Bile acid sequestrants (BAS) are a class of medication used to manage cholesterol levels. These drugs function within the digestive tract rather than being absorbed into the body’s circulation. They are large, polymeric compounds that act as ion-exchange resins to bind certain substances within the gut. This non-systemic approach means their therapeutic effect is initiated locally and depends on their interaction with the digestive process.
How Bile Acid Sequestrants Interrupt Digestion
The body recycles most of its bile acids through the enterohepatic circulation. Bile acids are synthesized in the liver using cholesterol and released into the small intestine to aid in the digestion and absorption of dietary fats. Normally, over ninety-five percent of these bile acids are reabsorbed from the lower small intestine and returned to the liver via the portal vein for reuse.
Bile acid sequestrants intervene in this cycle by acting as positively charged resins that attract and bind to the negatively charged bile acids. This binding creates a large, insoluble complex within the gut lumen that cannot be reabsorbed through the intestinal wall. The bound bile acids are sequestered and excreted from the body through the feces, increasing the fecal loss of bile acids.
This interruption reduces the amount of bile acids returning to the liver. To compensate, the liver must increase its production of new bile acids. This synthesis is achieved by upregulating cholesterol 7 alpha-hydroxylase, the rate-limiting enzyme in converting cholesterol into bile acids. By forcing the liver to convert its internal stores of cholesterol, the sequestrants initiate a cascade that impacts lipid metabolism.
Role in Lowering Cholesterol Levels
The liver’s increased demand for cholesterol to synthesize new bile acids is the mechanism for lowering cholesterol. The drop in cholesterol content within the liver cells (hepatocytes) is sensed by the regulatory protein SREBP-2. This protein triggers an increase in the number of low-density lipoprotein (LDL) receptors present on the surface of the liver cells.
The newly expressed LDL receptors actively pull more LDL cholesterol from the circulating bloodstream. This receptor-mediated clearance reduces the total amount of “bad” cholesterol circulating in the plasma. Examples of these medications include Cholestyramine (Prevalite), Colestipol (Colestid), and Colesevelam (Welchol).

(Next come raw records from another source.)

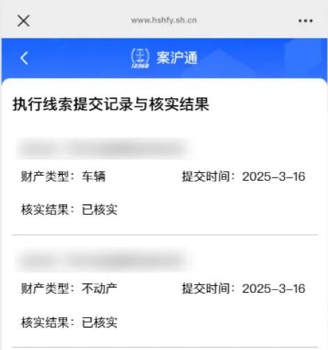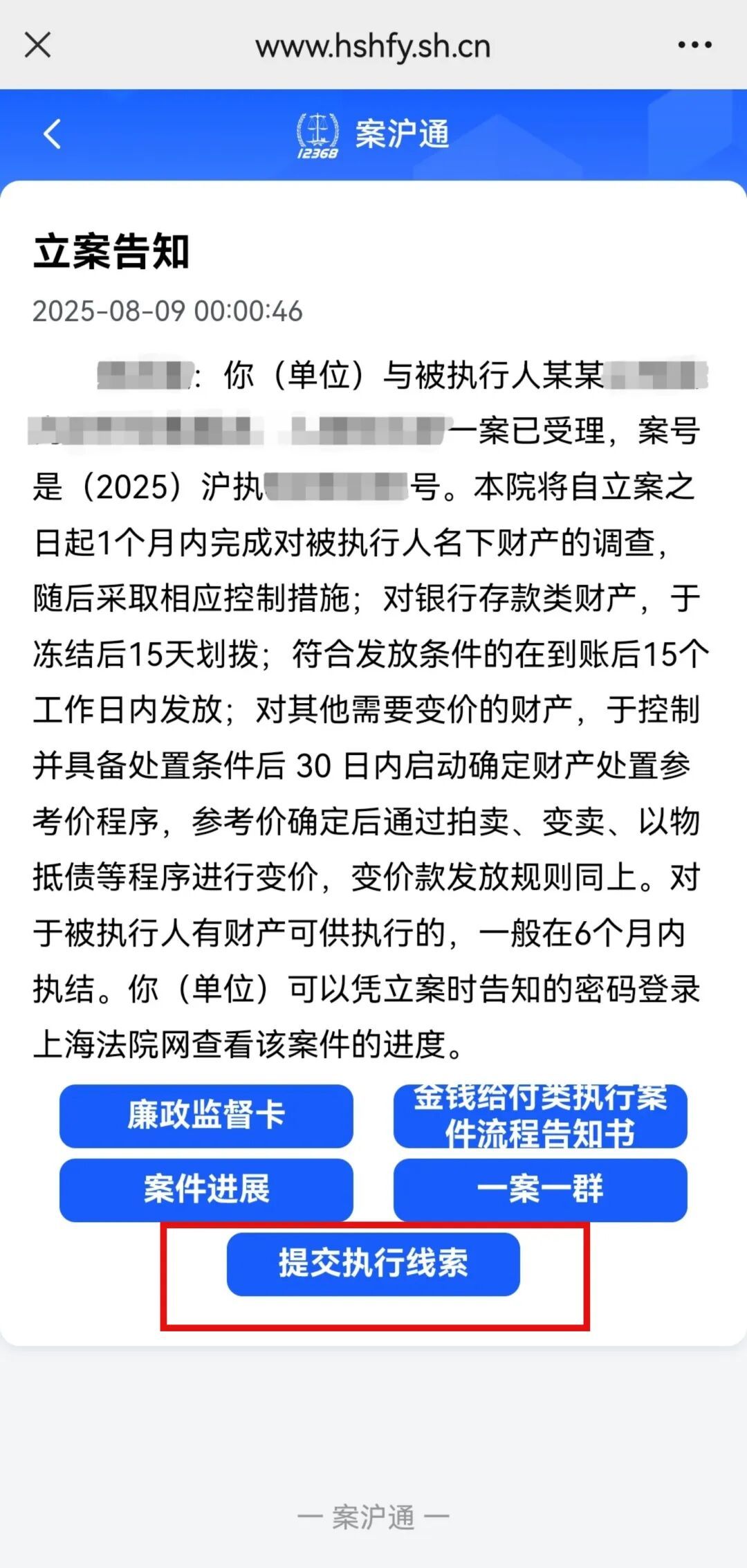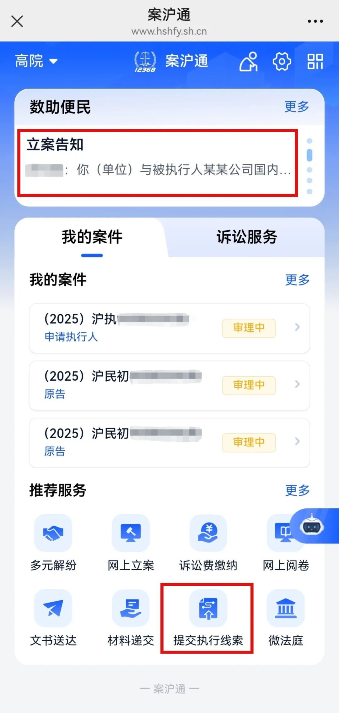 法官完成核实操作后,线索提交人可以在“案沪通”首页【数助便民】板块中查看线索核实结果。此外,申请执行人、被执行人还可以通过【我的案件】查看核实情况。
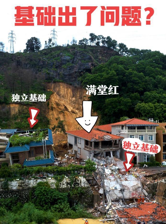 发现没,广州山体滑坡现场很怪异[发怒][发怒] 受波及的有4栋房子移位 其中3栋基本没倒,1栋粉碎性塌掉[捂脸][捂脸] 什么原因?以我的经验来看, 应该是房子的基础没做好, 就像老话说的,基础不牢,地动山摇, 这4栋房子的基础都出现了移位, 说明没有做桩基础,无法固定在原位, 另外,几栋房子都有柱子, 所以基础做法大概率是独立基础或满堂红 粉碎性倒塌的房子,和旁边蓝屋顶房子, 位于前排,应该是独立基础, 在后排房屋推前排的时候, 基础断开,房屋出现不均匀沉降, 接着逐渐倾斜,蓝屋顶倾斜角度不大, 但红色屋顶房子倾斜过度, 最后完全支撑不住,轰然倒塌, 这次的失踪人员,应该就在这栋楼 后排的红屋顶房子,应该是满堂红基础, 因为房屋移位,但没有倾斜, 说明基础是一块板,然后整体移动[心][心] 所以,不同的基础做法, 在应对山体滑坡的情况下, 最后的结果,自然大不相同, 家里有条件的话,如果在山区建房, 还是选用满堂红加上桩基础, 同意吗? 另外,对于上面的基础做法分析, 您的看法如何? 欢迎各位一起讨论学习[作揖][作揖] #晒图笔记大赛# #头号创作者激励计划#
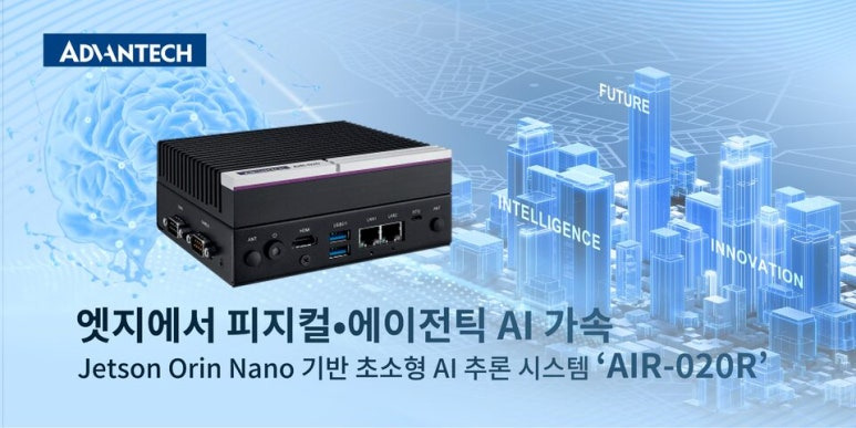 글로벌 임베디드 컴퓨팅 기업 어드밴텍이 엔비디아 젯슨 오린 나노(Jetson Orin Nano) 기반 초소형 엣지 AI 추론 시스템 ‘AIR-020R’을 출시한다. 손바닥 크기의 초소형 폼팩터에 최대 67TOPS AI 성능을 구현해 교통 모니터링, 자율주행 로봇(AMR), 의료 영상 분석 등 비전 중심의 AI 응용 분야에 투입되는 실무형 단말기로 자리매김한다는 전략이다.
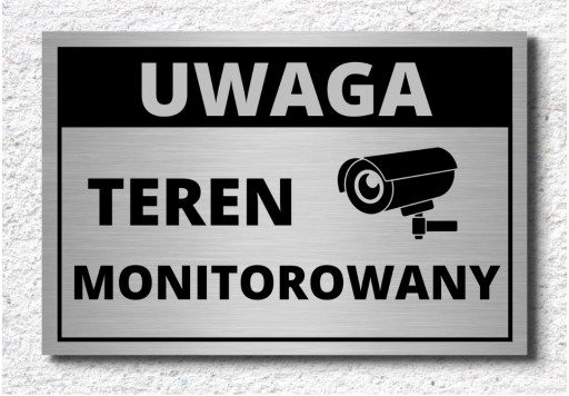 TABLICZKA SZYLD UWAGA TEREN MONITOROWANY ALUMINIUM MONITORING KAMERA WZORY
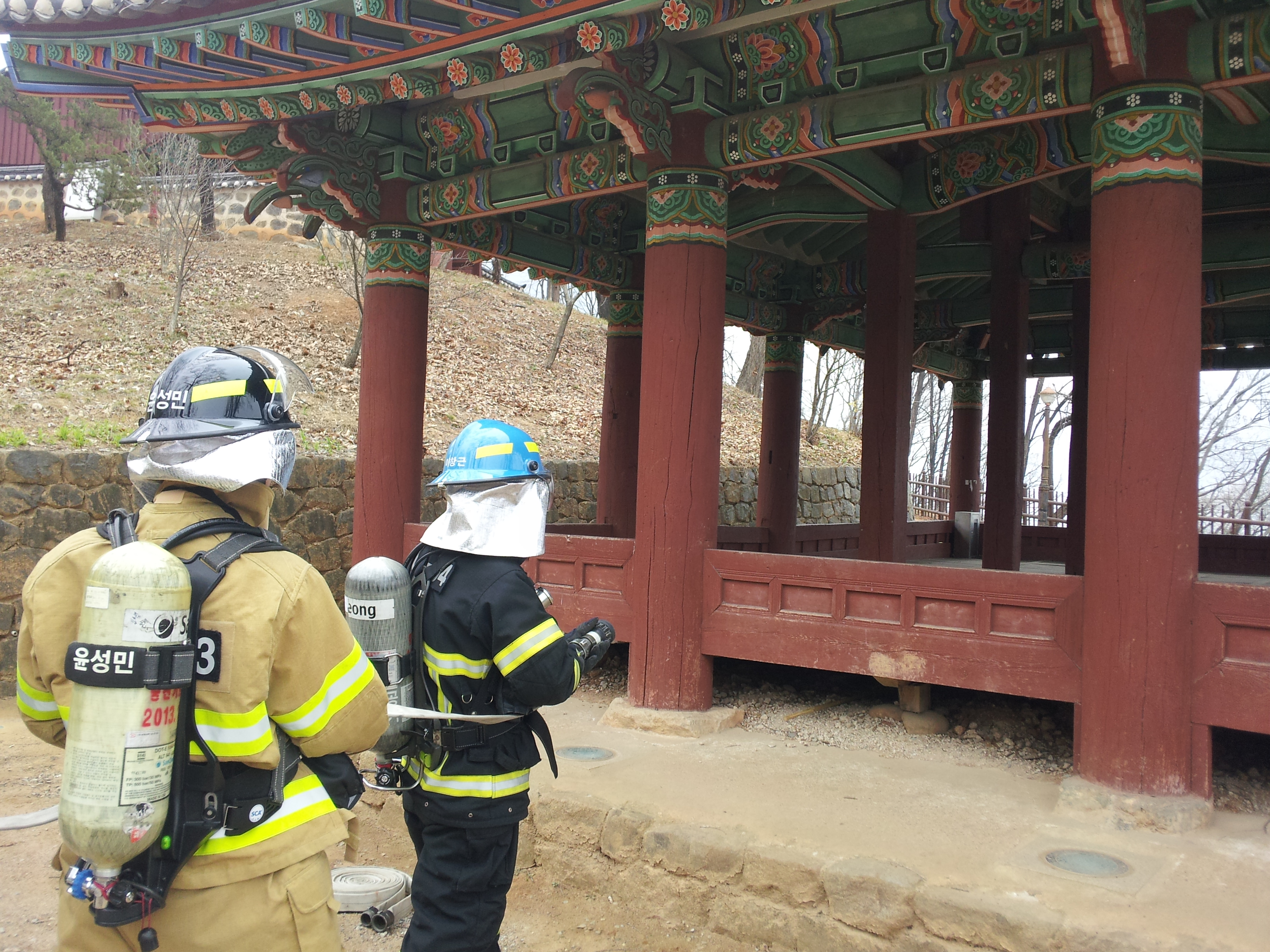 영월소방서(서장 김남백) 영월119안전센터는 4.10(화) 금강정을 대상으로 진압훈련을 실시하였습니다. 금번 훈련을 통하여 대상 문화재에 진입가능 여부 확인 및 가상 화점에 초동진압 훈련을 실시하였습니다.

As a single therapy, bile acid sequestrants lower LDL cholesterol levels by approximately fifteen to thirty percent. While less potent than statin medications, BAS are frequently prescribed for patients who cannot tolerate statins due to side effects. They are often combined with statins to achieve a more aggressive reduction, sometimes approaching fifty percent reduction in LDL cholesterol levels.
Other Conditions Treated by Sequestrants
Beyond lipid management, bile acid sequestrants treat conditions related to excess bile acids. One significant application is the treatment of chronic diarrhea caused by bile acid malabsorption. This condition occurs when bile acids are not properly reabsorbed in the small intestine and spill into the colon, where they cause irritation and water secretion.
The sequestrants bind the excess bile acids in the colon, preventing them from stimulating this secretory effect and resolving the chronic, watery diarrhea. This is often a welcome relief for patients who have undergone certain gastrointestinal surgeries, such as gallbladder removal. The drugs are also used to alleviate pruritus, or itching, associated with various liver diseases.
In liver conditions involving partial biliary obstruction, bile acids can build up and deposit in the skin, causing intense itching. By binding bile acids in the gut and promoting their excretion, the sequestrants reduce overall circulating bile acid levels in the blood. Colesevelam, a newer sequestrant, also has an approved indication for improving glycemic control in patients with Type 2 diabetes.
Practical Considerations for Use
Because bile acid sequestrants are not absorbed into the body, they rarely cause systemic side effects. Their most common adverse effects are localized to the gut, including constipation, which is reported in up to fifty percent of patients. Other frequent gastrointestinal complaints include abdominal discomfort, bloating, nausea, and excessive gas.
The administration of BAS varies. Cholestyramine and Colestipol often come as a gritty powder that must be mixed with liquid, which some patients find unpalatable. Colesevelam is available in tablet form, which is generally better tolerated and may reduce some of the gastrointestinal side effects. Patients are often encouraged to start with a low dose and slowly increase it to minimize the initial occurrence of constipation.
A significant consideration when taking these medications is their potential for non-specific drug interactions. The resins can bind to other orally administered medications in the digestive tract, such as thyroid hormones, certain antibiotics, and warfarin, preventing their proper absorption. Patients are advised to take other medications at least one hour before or four to six hours after taking the sequestrant to ensure the other drugs are fully absorbed. Furthermore, long-term use can reduce the absorption of fat-soluble vitamins (A, D, E, and K), potentially requiring supplementation.